Ye ol' local watering hole.
It was a Sunday afternoon and he told us that a famous flower market took place a few blocks away, so we finished our pints and walked over.

After a grand send off full of wine and Indian food, he was gone and we had a lovely, homey, well-located place to stay. We got seriously lucky.

Andrew working in front of Uncle Jean's great Lamb's Navy Rum bookshelf
We were only a few blocks away from the gargantuan Queen Victoria Park, so we headed over there often for picnics during the nice London afternoons.

London is so multicultural that they put a Chinese pagoda in a park named for the Queen.
London has so many touristy sites that we broke our usual mode of living like locals and decided to head out for some more touristy stuff. We started by riding in the second story of a double-decker bus (which is actually something the locals do) as we headed to some super nerdy London sites.

Front row seat on the second story of a double-decker bus - ain't nothing better.
Our first super geeky London tourist stop was of course Platform 9 3/4 from Harry Potter. We thought we'd be the only people there since it was a random Tuesday afternoon, but oh no, there was a line to get your picture taken with the cart half submerged in the wall. I guess we aren't the geeky elite.

We also didn't stand in line. We snuck in a picture while the next person in line was putting on their Hogwarts scarf.

The next stop was Abbey Road for the customary shot walking across the street. The funny thing is that Abbey Road is a fairly busy street. So there are cars whizzing by as tourists try to slowly stroll across. Many times, the traffic just has to stop as a entitled tourist stops in the middle of the road to get the optimal shot. Andrew didn't feel that entitled and waited for a break in traffic before he made his jaunt across the famous crosswalk.

Where's John, Paul, George and the other one when you need them.
Making our way to Abbey Road, we noticed that one of the roads that crosses Abbey Road was Hall Road. I guess it really shouldn't have been a surprise since us Halls are always associating ourselves with only the classiest of people/roads.

Our next stop was a quick snack at McDonalds, but not just any snack. This is England, the land of Cadburry Cream Eggs, and it was Easter time, so our snack was a Cadburry Cream Egg McFlurry. Maggie was ecstatic.

Our next touristy destination was the British Museum, which like all London Museums, was free. It was the Museum that put Museums on the map, so we had to go.

Quick pit-stop at a quaint park by the Museum.
The Rosetta Stone.

A three thousand year old Egyptian door.

Assyrian Frescoes.

Old Alexander the Great himself.
The amazing atrium in the British Museum.

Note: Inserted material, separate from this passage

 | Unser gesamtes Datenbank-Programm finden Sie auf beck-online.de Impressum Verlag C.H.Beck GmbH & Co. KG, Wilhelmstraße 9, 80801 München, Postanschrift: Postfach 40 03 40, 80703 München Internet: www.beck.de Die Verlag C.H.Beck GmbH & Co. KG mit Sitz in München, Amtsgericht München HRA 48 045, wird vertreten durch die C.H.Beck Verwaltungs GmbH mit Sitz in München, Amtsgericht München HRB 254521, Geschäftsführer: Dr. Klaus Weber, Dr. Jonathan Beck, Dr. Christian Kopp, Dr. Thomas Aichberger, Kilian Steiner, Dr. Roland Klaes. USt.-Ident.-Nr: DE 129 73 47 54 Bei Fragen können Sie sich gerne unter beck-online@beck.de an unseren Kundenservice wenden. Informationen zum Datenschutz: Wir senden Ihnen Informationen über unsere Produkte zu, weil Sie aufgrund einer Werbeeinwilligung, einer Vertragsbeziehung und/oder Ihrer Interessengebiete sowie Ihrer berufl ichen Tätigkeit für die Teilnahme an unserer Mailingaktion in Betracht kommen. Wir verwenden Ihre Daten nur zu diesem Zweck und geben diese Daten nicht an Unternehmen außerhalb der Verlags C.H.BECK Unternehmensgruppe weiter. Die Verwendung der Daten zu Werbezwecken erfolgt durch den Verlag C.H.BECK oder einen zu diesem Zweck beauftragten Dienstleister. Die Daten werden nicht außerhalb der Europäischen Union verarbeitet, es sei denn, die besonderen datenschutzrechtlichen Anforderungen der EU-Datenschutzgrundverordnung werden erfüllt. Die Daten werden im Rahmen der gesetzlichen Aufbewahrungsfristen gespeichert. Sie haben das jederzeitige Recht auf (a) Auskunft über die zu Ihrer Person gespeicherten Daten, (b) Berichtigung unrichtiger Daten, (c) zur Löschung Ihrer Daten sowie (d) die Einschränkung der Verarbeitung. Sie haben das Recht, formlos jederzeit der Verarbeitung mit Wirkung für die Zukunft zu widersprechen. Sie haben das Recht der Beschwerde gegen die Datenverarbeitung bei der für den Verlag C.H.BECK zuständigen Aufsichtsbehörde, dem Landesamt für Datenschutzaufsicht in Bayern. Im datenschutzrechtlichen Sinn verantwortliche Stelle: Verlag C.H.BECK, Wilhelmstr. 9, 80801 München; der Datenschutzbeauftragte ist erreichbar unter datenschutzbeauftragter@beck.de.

Finally we headed to Trafalgar Square, known as the center of London. We showed up right after some gigantic pillow fight must had gone on because the whole area was covered in pillow feathers and we even saw a few people walking around with intact pillows.

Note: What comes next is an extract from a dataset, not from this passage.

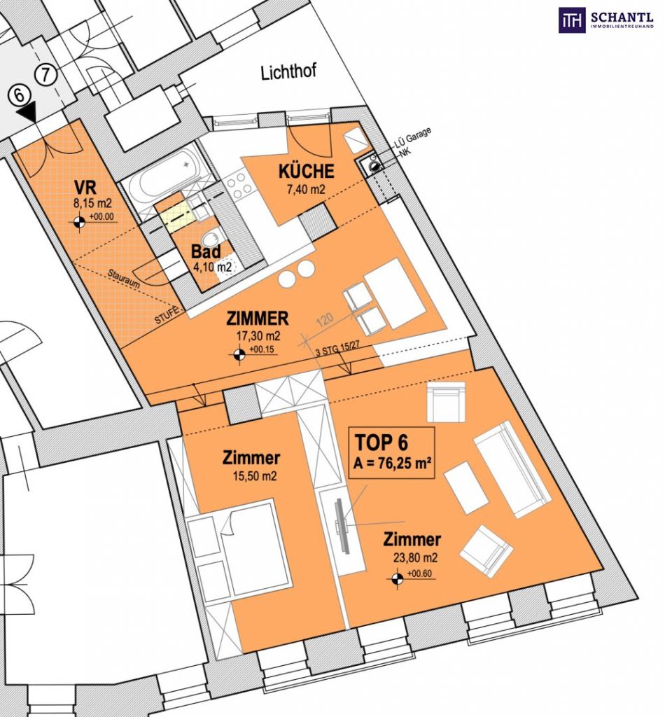 Größe: ca. 77,55 m² + Lichthof ca. 4 m²

Despite all of our touristy adventures, we still spent a fair amount of time exploring Bethnal Green and Hackney. There are a ton of canals that run through London that have walking paths along them. It is a great way to get around and see some beautiful sights. There are many house boats that park on the banks of the canals and walking them gives you are great look at the river folk of London - who seem to be somewhere between homeless and hipsters.

Our flight out of London was at 6:30 in the morning and it took an hour by bus to get to the airport, so we made the executive decision to just sleep in the airport. We had done it in Taipei and it wasn't bad at all--what could go wrong? Well, what we didn't know is that the Stansted airport at night becomes one of the largest hotels in London. Hundreds of people were trying to sleep in the maybe fifty seats available in the entire airport. It was a madhouse. Lucky for us, we got there early enough to get a few of those fifty seats so we could stretch out, not on a tile floor, for the night. Even though we were the lucky few, it was still a pretty shoddy night's sleep and come morning, we were pretty out of it.

Protecting our territory at Camp Stansted.

Breakfast of champions. Can you tell how good of a night sleep Andrew got?